§ DIRECTIONS:
Restate all the data word for word and omit the pictures.
COLLECTED DATA START
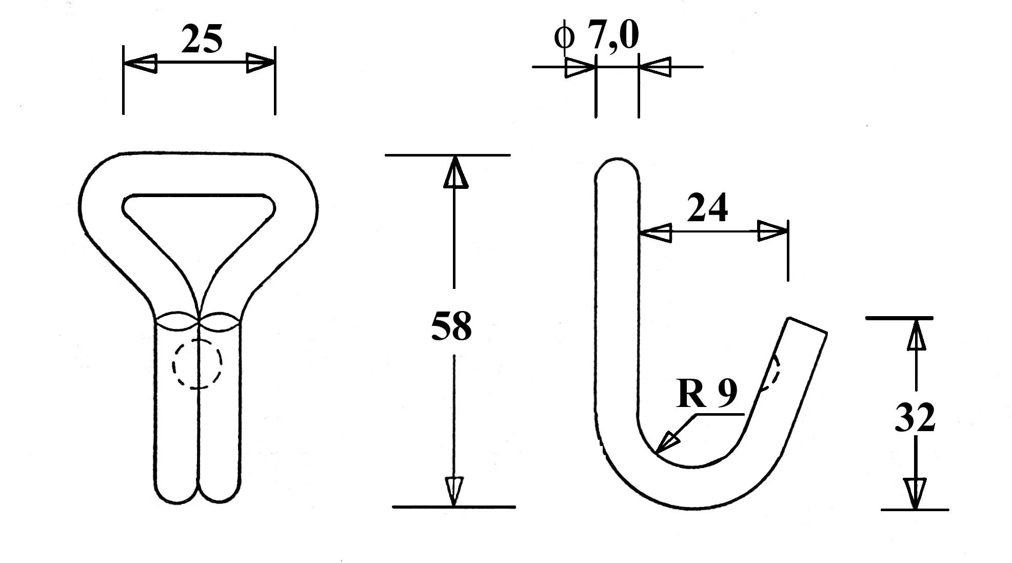 Rostfri dubbel trådkrok avsedd att användas i surrningar.
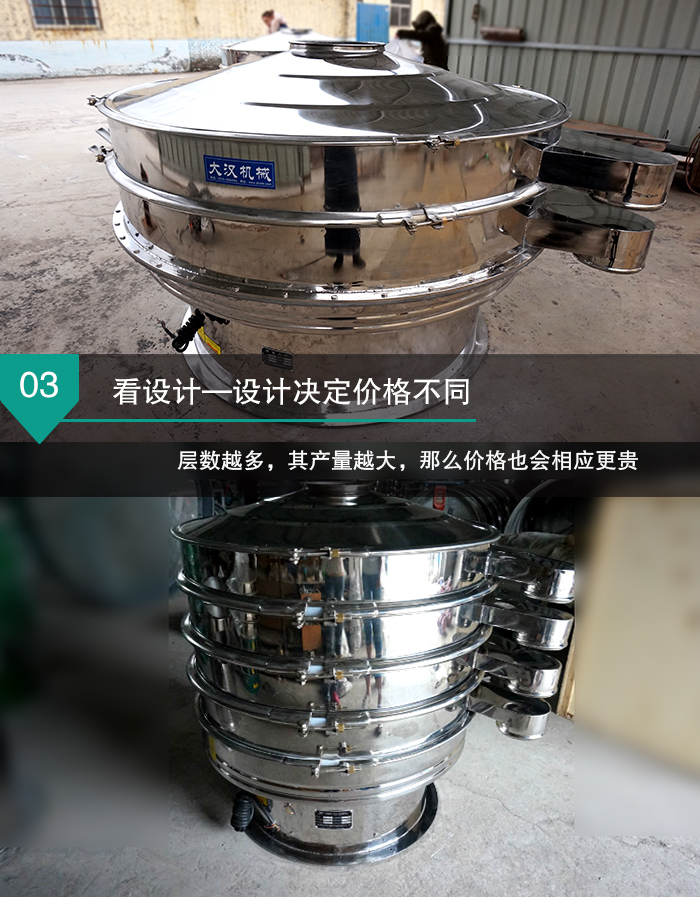 新鄉(xiāng)大漢全不銹篩振動篩生產的直線振動篩型號從DH600到DH2000,不同型號的全不銹鋼振動篩,其直徑、篩網面積是不同的,所以這就決定了不同型號的全不銹鋼振動篩產量是不同的,這也必然會造成全不銹鋼振動篩價格上存在明顯的差異。 看設計—設計決定價格不同
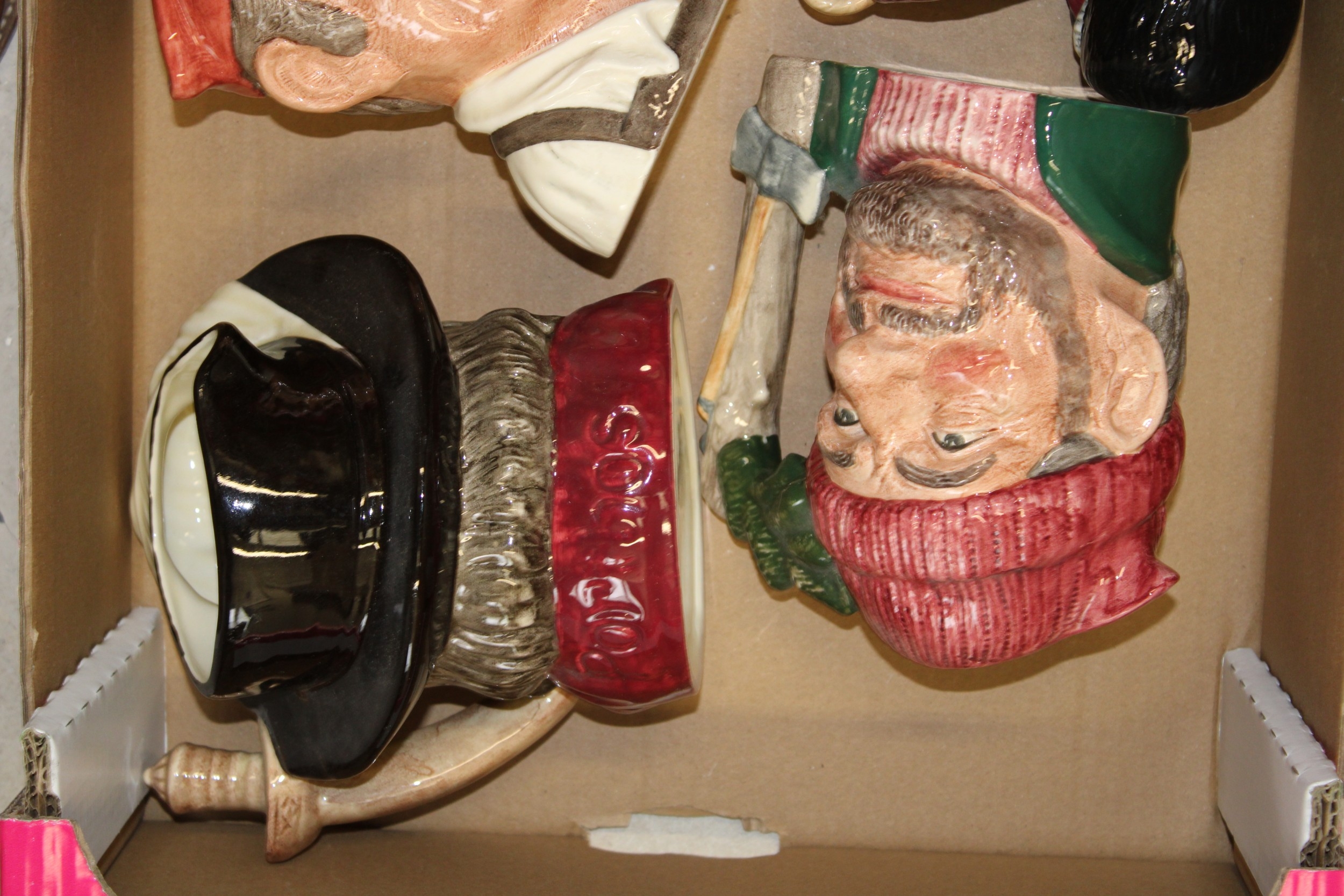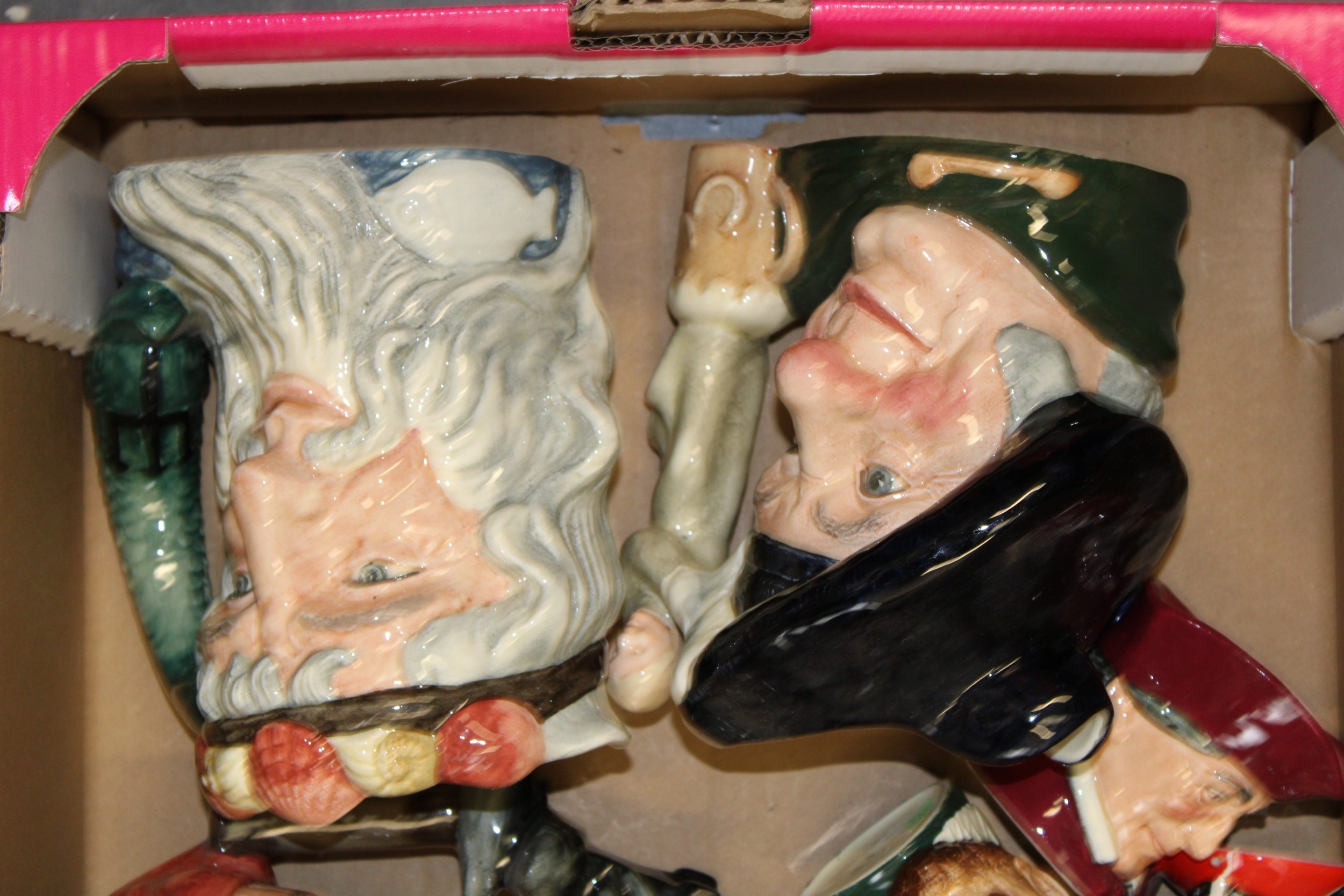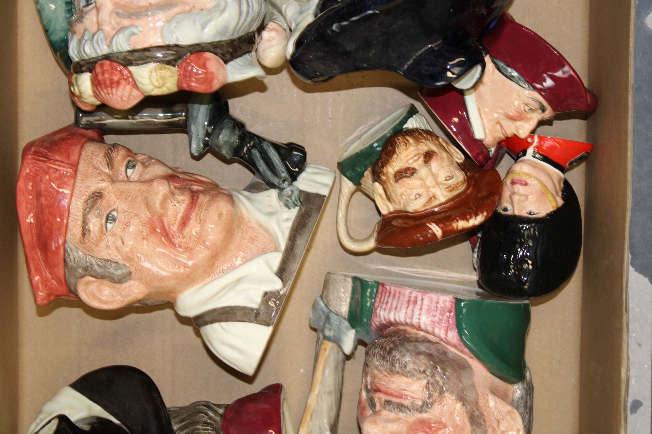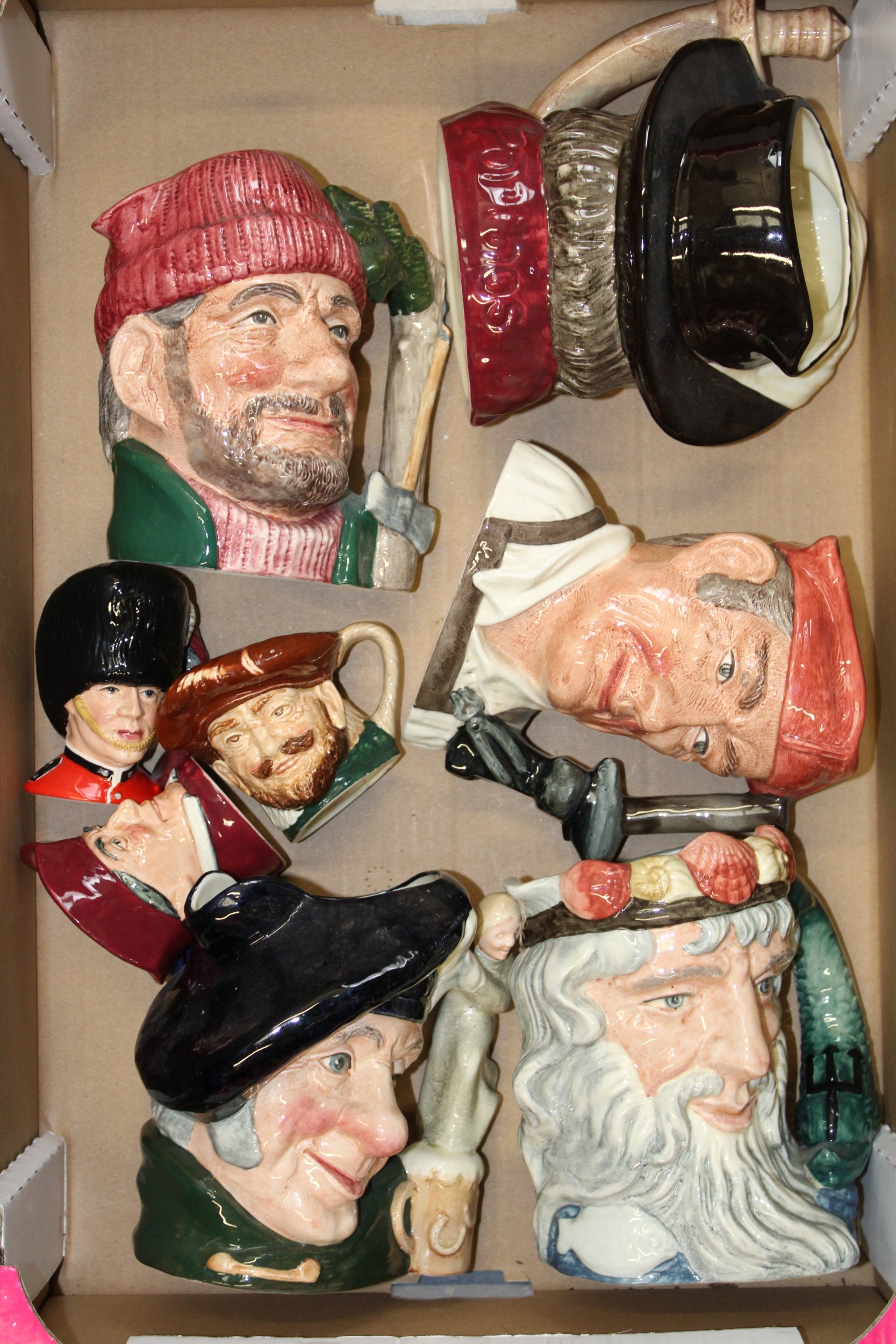 Large Royal Doulton character jugs to include Tam o'Shanter, Porthos and others with small jugs (8).
COLLECTED DATA END
§ RESPONSE BOX:
 Rostfri dubbel trådkrok avsedd att användas i surrningar.
 新鄉(xiāng)大漢全不銹篩振動篩生產的直線振動篩型號從DH600到DH2000,不同型號的全不銹鋼振動篩,其直徑、篩網面積是不同的,所以這就決定了不同型號的全不銹鋼振動篩產量是不同的,這也必然會造成全不銹鋼振動篩價格上存在明顯的差異。 看設計—設計決定價格不同
 Large Royal Doulton character jugs to include Tam o'Shanter, Porthos and others with small jugs (8).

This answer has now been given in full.